The Classic Adventure Gaming Podcast

And, the other side to this, is good Adventure Design; if the traps are arbitrary and poorly telegraphed then pixel bitching will result immediately after the first 'hahahaha, gotcha!'.
On this, one of the points of discussion in the podcast that interested me (I can't remember which episode) was respecting trap placement and the use of standard operating procedures. I actually encourage the use of SOPs in certain situations, as opposed to asking for a declaration every time. But I make sure the players know the consequences before they employ them.

In particular, I want to know what everyone in the party is doing when they travel down a hall. Is someone mapping? (Believe it or not I have Leeroy Jenkins players who don't want the party to be slowed down with mapping, and then wonder why they get lost.) Is someone checking for secret doors as they go? Is someone probing ahead with a 10' pole? Is someone on point, and is someone keeping an eye on the rear? Do you have enough characters to cover all those tasks?

I also have hall traps, but I make them automatically detectable if one character is assigned to using a 10' pole (I'm considering having some chance of failure, to balance the choice between risking traps and losing surprise because of all that tapping; I'm not really sure if this is an issue yet). Part of the reason for this is to encourage mapping (see previous paragraph), because (a) that way they know where the traps are when they try to escape (not that Leeroy Jenkins ever runs away :rolleyes:), and (b) I slow down party movement the same amount for pole use as for mapping, i.e. enough to make wandering monster checks meaningful, so if they do one they may as well do the other.
 
The original AD&D books are literary and historical gold. Playing to those rules was wild and weird.
There are some indications (e.g. cancelling of publication agreements with Penguin) that WotC has seen what most of the corporate world has realized --- digital content that "they" can pull the plug on unless your subscribe monthly is the new tenent serfdom. You never get to own anything, just rent.

I wonder how much longer the POD 1e books will be offered. I think WotC wants to eliminate physical copies of D&D---and if they don't today, then they eventually will.
 
Worth noting that Forge of Fury has short stat blocks. Like "Orcs (2): hp 8, 6; longbow (1d8/x3), greataxe, 1dl0 gp, 4d6 sp," in the main text. There is an appendix with longer stat blocks, but that they are still abbreviated for standard monsters:


Is that just because it is a 3.0 and not a 3.5 product?

No that works for 3.5, I guess they stopped doing that though. I'm personally not a huge fan of monster rosters elsewhere in the product.
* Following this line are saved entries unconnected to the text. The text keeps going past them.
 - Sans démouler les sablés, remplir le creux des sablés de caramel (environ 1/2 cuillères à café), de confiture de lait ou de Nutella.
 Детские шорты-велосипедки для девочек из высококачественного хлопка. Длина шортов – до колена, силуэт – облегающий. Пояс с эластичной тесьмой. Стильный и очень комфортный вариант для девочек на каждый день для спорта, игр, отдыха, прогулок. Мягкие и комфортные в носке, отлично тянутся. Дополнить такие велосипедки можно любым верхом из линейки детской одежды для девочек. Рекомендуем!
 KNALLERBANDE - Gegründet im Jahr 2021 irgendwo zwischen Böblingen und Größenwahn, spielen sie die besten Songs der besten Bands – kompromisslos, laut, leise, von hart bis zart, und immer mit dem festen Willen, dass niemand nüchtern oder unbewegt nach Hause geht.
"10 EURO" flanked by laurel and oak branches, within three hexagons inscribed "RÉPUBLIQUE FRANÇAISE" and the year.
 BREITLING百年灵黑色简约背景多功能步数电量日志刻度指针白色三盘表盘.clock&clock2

I can see their utility, particularly if you're running a living dungeon where encounters are not necessarily attached to their room descriptions, but generally, if I'm trying to play the adventure right out of the book, I want the full stats with the description. The first abbreviated stats above are pretty much inline with OS esthetics though.
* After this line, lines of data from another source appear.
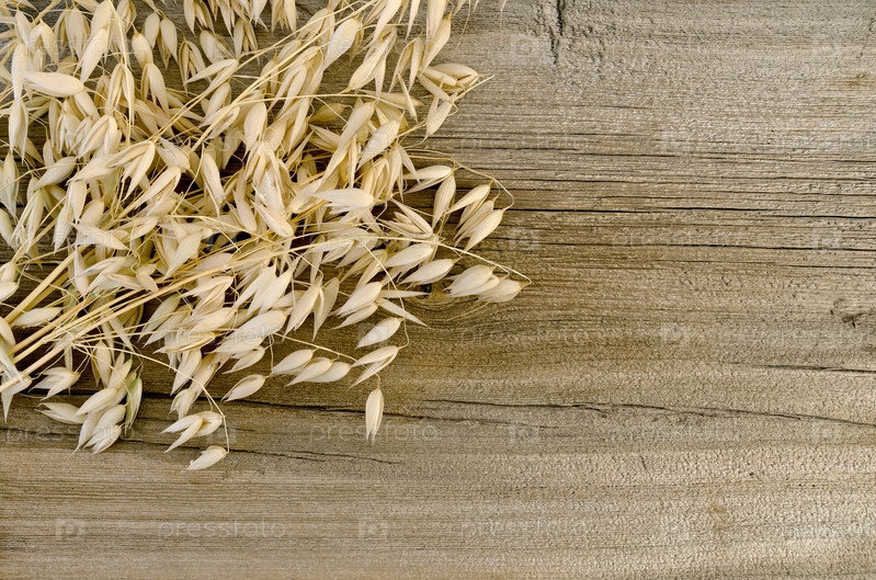 Стебли овса на старой деревянной доске
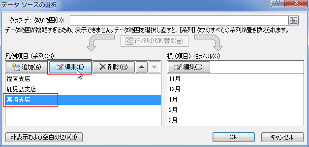 - 凡例項目(系列)で調べたい系列を選択して、[編優]ボタンをクリックします。
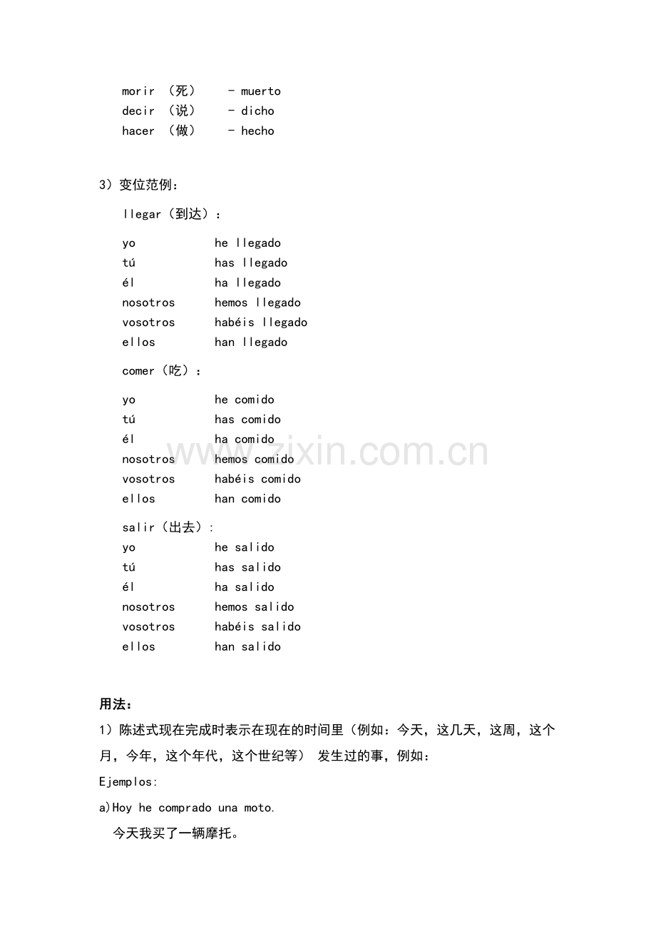 陈述式现在完成时是复合时态,由助动词haber 的人称形式与实义动词的过去分词构成。过去分词是动词的无人称形式之一。

That second stat block though is in no way abbreviated. Crunch that into a two column format and it's going to form a large block. And, that's just for a simple humanoid with zero special abilities, defences, etc.
To be fair though, I'm looking at some of these 1.5 and 2e blocks, and they get pretty long after 5th-ish level as well. Sorry about the filthy whataboutism folks. Note, I did say 1.5 and not 1. I'm looking at S1-4 here, and things are pretty succinct.
Althoooooooough, I followed that up with a peak at Q1 and monsters with spells occupy huge chunks of page and that old paragraph style is fucking illegible for on-the-fly combat, so...
 
Thanks for the podcast!

I love Robs work on the wilderlands! If only the city state Kickstarter was not exploited

That pdf map with the interactive key is so useful!

Nice to see other bloggers give Rob reviews and signal after that podcast! Shout out to Blackmarsh. This made for a fun sandbox for white box new players!